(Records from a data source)
_____

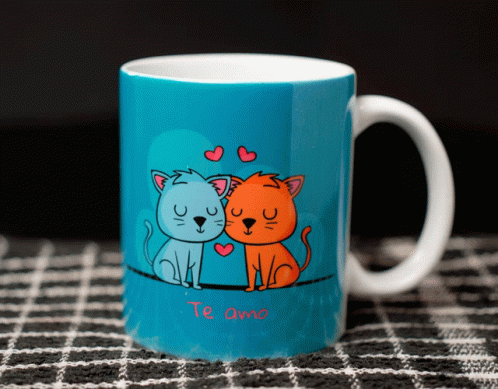 A blue mug featuring cute cartoon cats, hearts, and Spanish phrases 'Te amo' and 'Vos & Yo', expressing love.
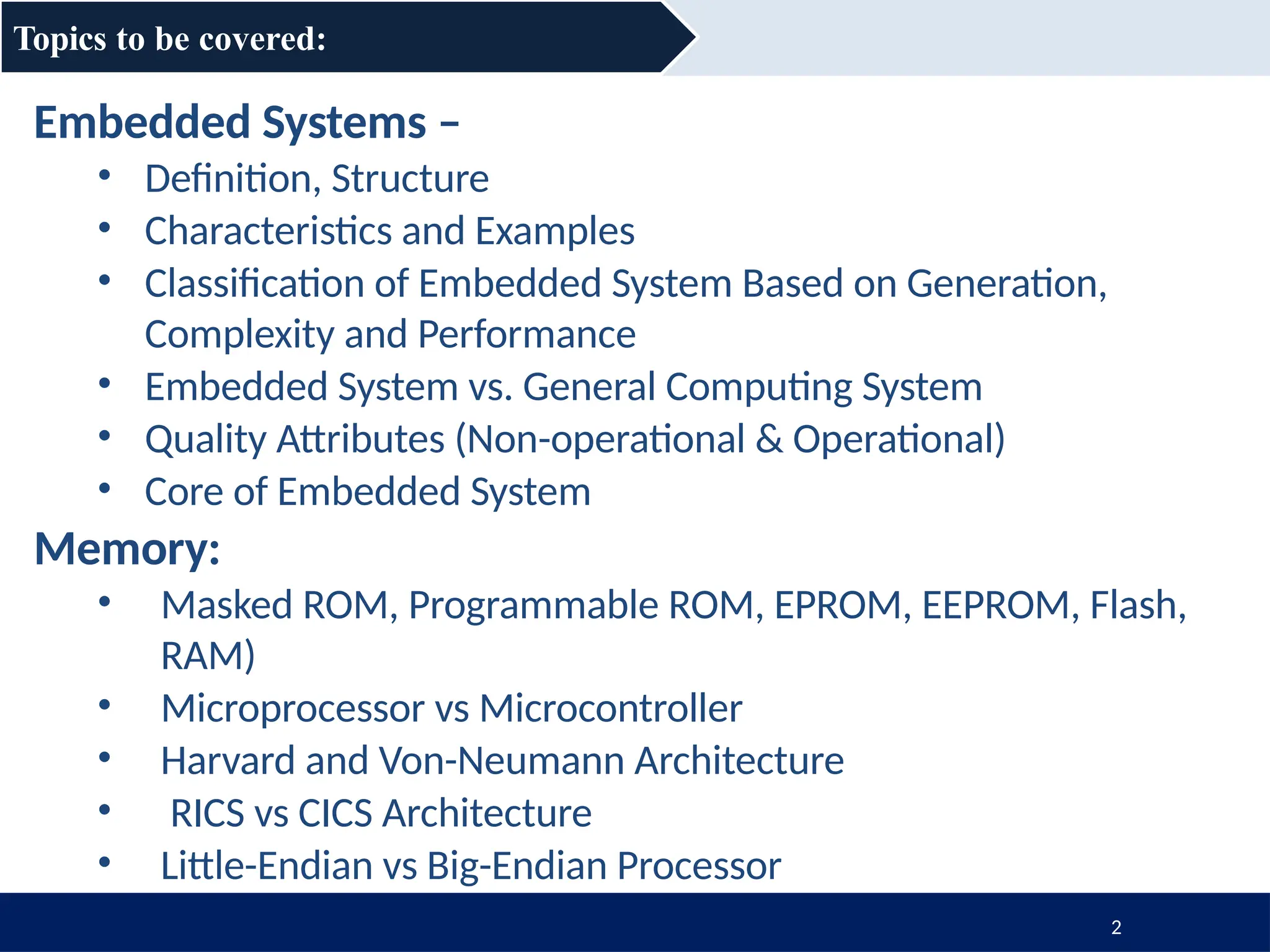 The document discusses embedded systems, covering their definition, characteristics, and various classifications based on different criteria. It highlights core aspects such as real-time operation, harsh environment adaptability, power management, and the essential quality attributes, including reliability and security. The content underscores the unique functionalities and limitations of embedded systems compared to general computing systems.
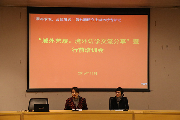 活动中,外事处副处长王颖颖介绍了我院与国外艺术院校的校际合作基本概况、公派国(境)外访学项目以及优秀项目遴选资助的有关情况,并就申报对象、有关要求、工作流程等作了详细解答。随后,王颖颖、周艳向2017年春季推荐公派赴境外学习学生作了行前培训,对于同学们做好思想准备、周密计划、学籍管理、导学关系、学分转换、签证办理、行程安全、境外事务联络机制等相关事宜进行了全面细致的指导,要求大家带着计划访学、带着问题研修、带着成果返校,切实做到“安全第一、做好攻略、爱惜身份、如期返校、强化成果”。
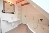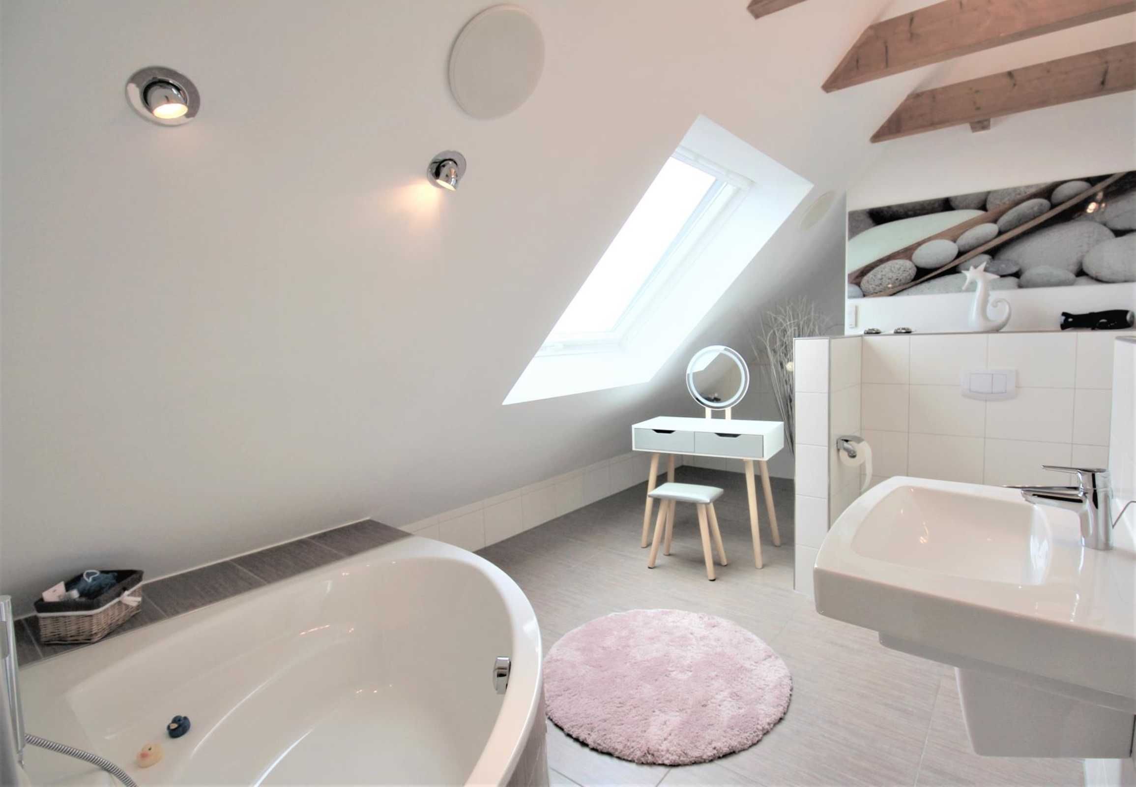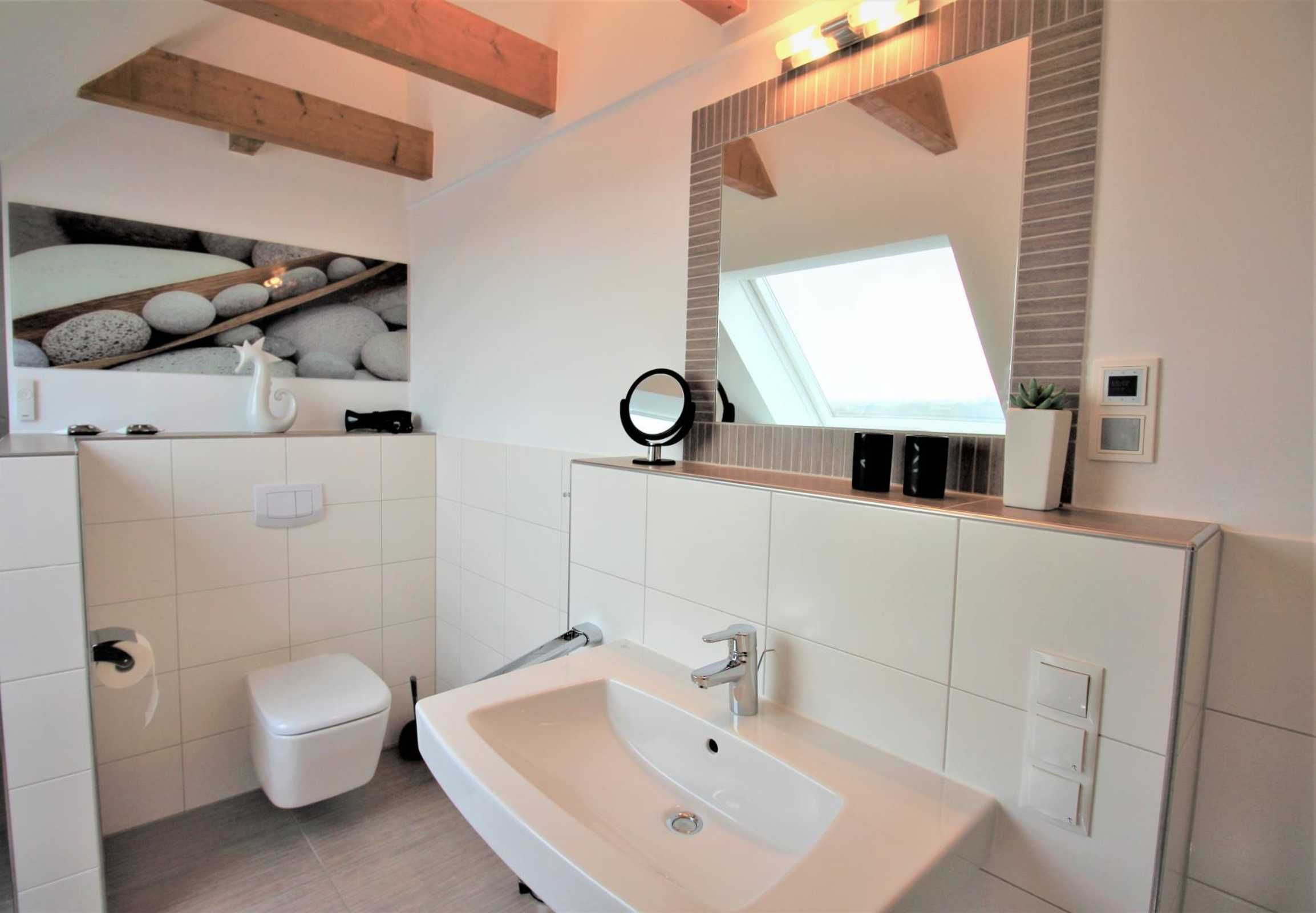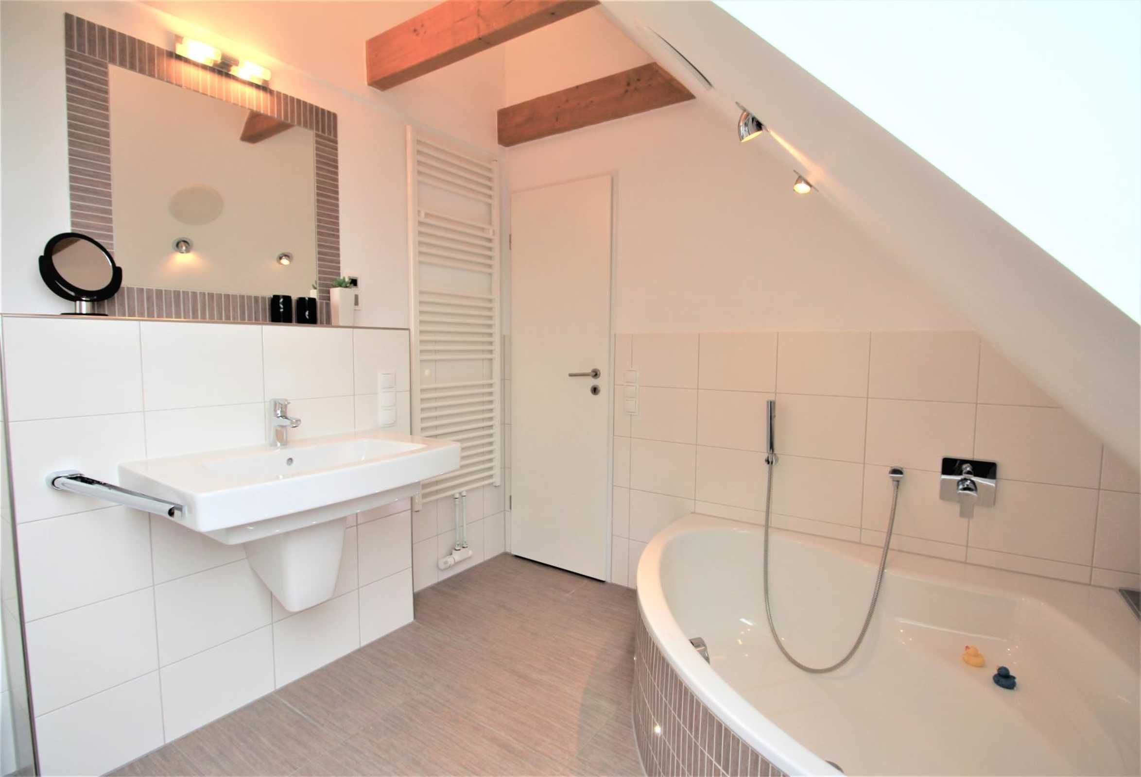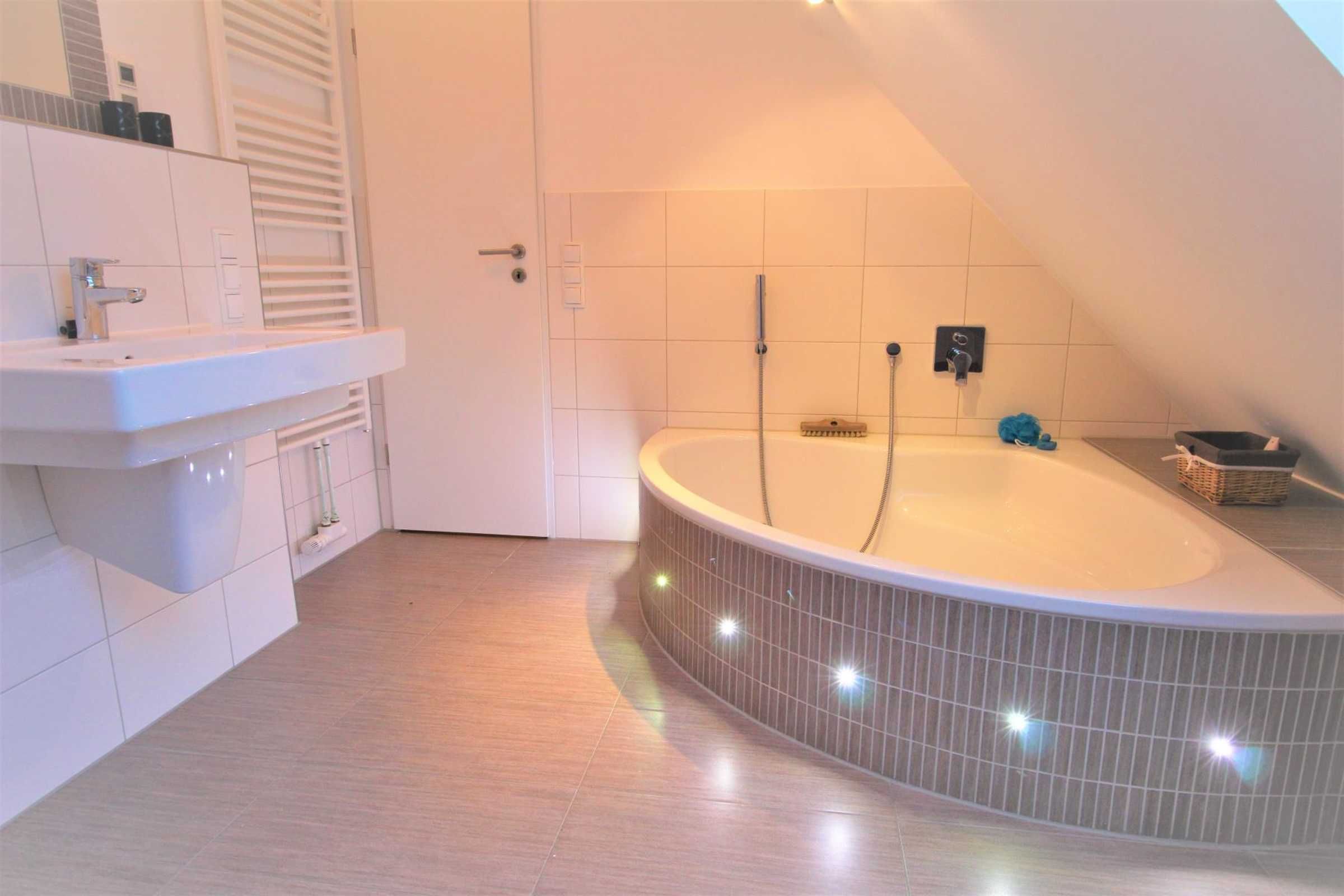 Obere Ebene: Großzügiges Wohlfühlbad mit beleuchteter Eckbadewanne, Kosmetiktisch sowie Föhn sind vorhanden. Optimaler Radioempfang durch große Lautsprecher.
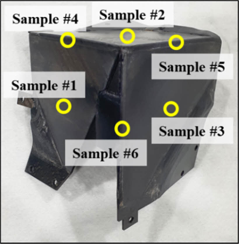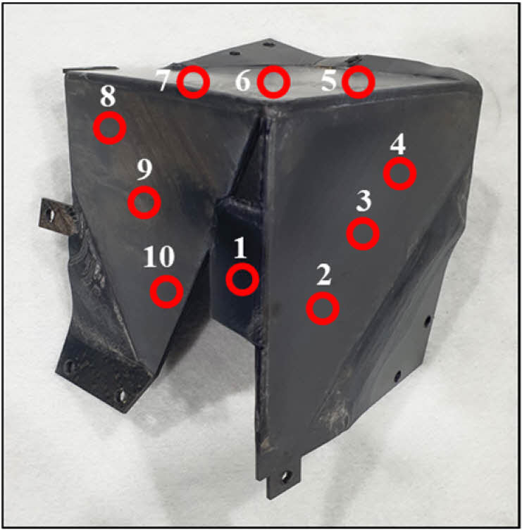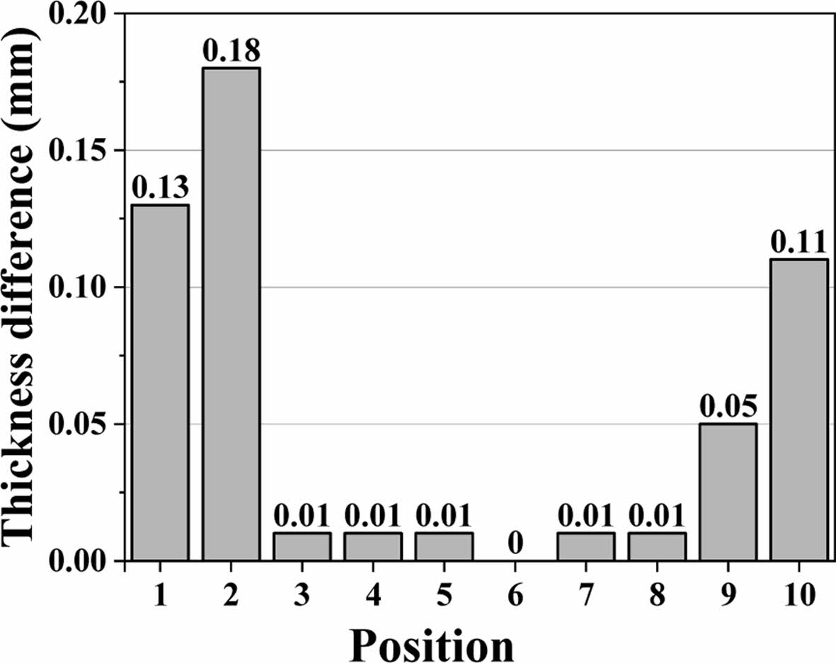 고속 열 성형 공정으로 제작된 복합재의 두께를 측정하기 위해 Fig. 12와 같이 측정 지점을 선정하여 두께를 측정하였다. 본 연구에서 사용한 소재인 AS4D LMPAEK RTL의 성형 전 두께 2.24 mm를 기준으로 성형 후 두께를 측정해 두께 차이를 통한 균일성을 평가하였고, 두께 측정 결과는 Fig. 13에 나타내었다. 평균 오차율과 최대 오차율은 2.23%, 8.03%로 도출되었다. 이는 유한요소해석과는 달리 실제 공정에서는 로봇 암과 프레스 간의 간섭을 피하기 위해 로봇 암의 이동 범위 제약이 있어 충분한 압력과 장력이 제공되지 않은 결과로 판단된다.
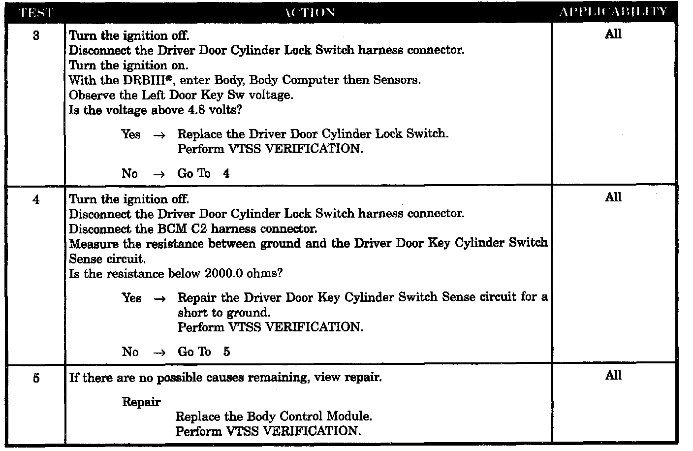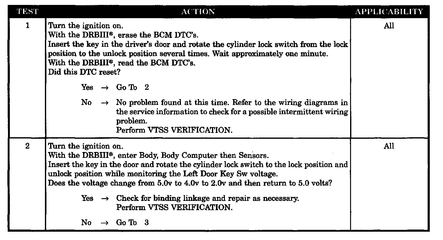 LEFT DOOR KEY CYLINDER SWITCH FAILURE
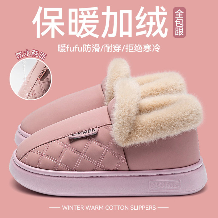 棉拖鞋女款2025新款冬季室內家居厚底保暖加絨包跟防水月子棉鞋女
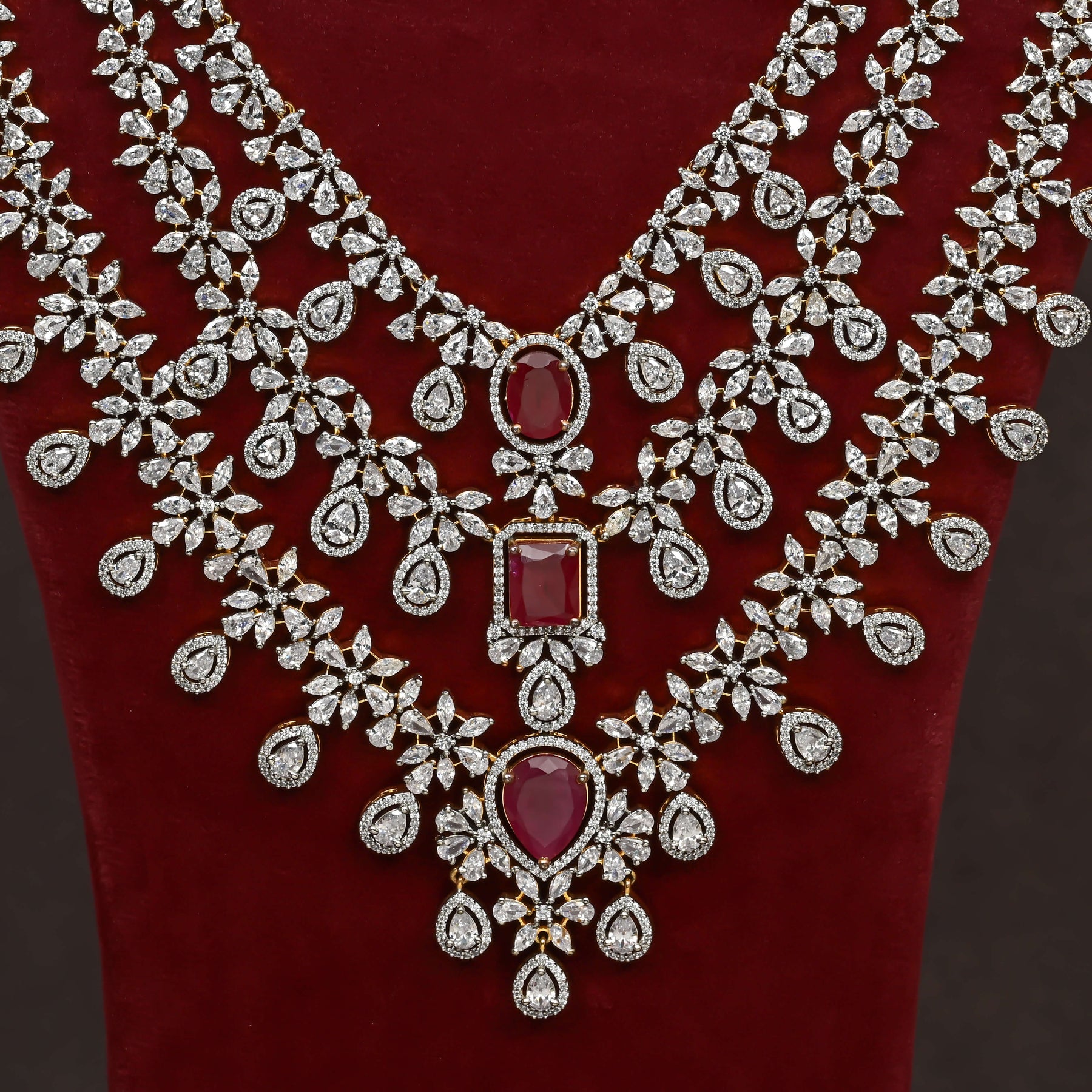 Elevate your collection with this exquisite CZ Necklace Set, meticulously handcrafted to deliver timeless elegance. Featuring authentic cubic zirconia stones paired with semi-precious ruby accents, this piece captures a regal aesthetic with remarkable brilliance. Each design is uniquely crafted, ensuring you own a one-of-a-kind treasure that stands apart. The expert combination of premium materials and artisanal craftsmanship creates a sophisticated statement piece suitable for both special occasions and refined everyday wear.

_____

ACTIVITY: Repeat the preceding records exactly but drop the images.

SOLUTION TO THIS TASK:
 A blue mug featuring cute cartoon cats, hearts, and Spanish phrases 'Te amo' and 'Vos & Yo', expressing love.
 The document discusses embedded systems, covering their definition, characteristics, and various classifications based on different criteria. It highlights core aspects such as real-time operation, harsh environment adaptability, power management, and the essential quality attributes, including reliability and security. The content underscores the unique functionalities and limitations of embedded systems compared to general computing systems.
 活动中,外事处副处长王颖颖介绍了我院与国外艺术院校的校际合作基本概况、公派国(境)外访学项目以及优秀项目遴选资助的有关情况,并就申报对象、有关要求、工作流程等作了详细解答。随后,王颖颖、周艳向2017年春季推荐公派赴境外学习学生作了行前培训,对于同学们做好思想准备、周密计划、学籍管理、导学关系、学分转换、签证办理、行程安全、境外事务联络机制等相关事宜进行了全面细致的指导,要求大家带着计划访学、带着问题研修、带着成果返校,切实做到“安全第一、做好攻略、爱惜身份、如期返校、强化成果”。
 Obere Ebene: Großzügiges Wohlfühlbad mit beleuchteter Eckbadewanne, Kosmetiktisch sowie Föhn sind vorhanden. Optimaler Radioempfang durch große Lautsprecher.
 고속 열 성형 공정으로 제작된 복합재의 두께를 측정하기 위해 Fig. 12와 같이 측정 지점을 선정하여 두께를 측정하였다. 본 연구에서 사용한 소재인 AS4D LMPAEK RTL의 성형 전 두께 2.24 mm를 기준으로 성형 후 두께를 측정해 두께 차이를 통한 균일성을 평가하였고, 두께 측정 결과는 Fig. 13에 나타내었다. 평균 오차율과 최대 오차율은 2.23%, 8.03%로 도출되었다. 이는 유한요소해석과는 달리 실제 공정에서는 로봇 암과 프레스 간의 간섭을 피하기 위해 로봇 암의 이동 범위 제약이 있어 충분한 압력과 장력이 제공되지 않은 결과로 판단된다.
 LEFT DOOR KEY CYLINDER SWITCH FAILURE
 棉拖鞋女款2025新款冬季室內家居厚底保暖加絨包跟防水月子棉鞋女
 Elevate your collection with this exquisite CZ Necklace Set, meticulously handcrafted to deliver timeless elegance. Featuring authentic cubic zirconia stones paired with semi-precious ruby accents, this piece captures a regal aesthetic with remarkable brilliance. Each design is uniquely crafted, ensuring you own a one-of-a-kind treasure that stands apart. The expert combination of premium materials and artisanal craftsmanship creates a sophisticated statement piece suitable for both special occasions and refined everyday wear.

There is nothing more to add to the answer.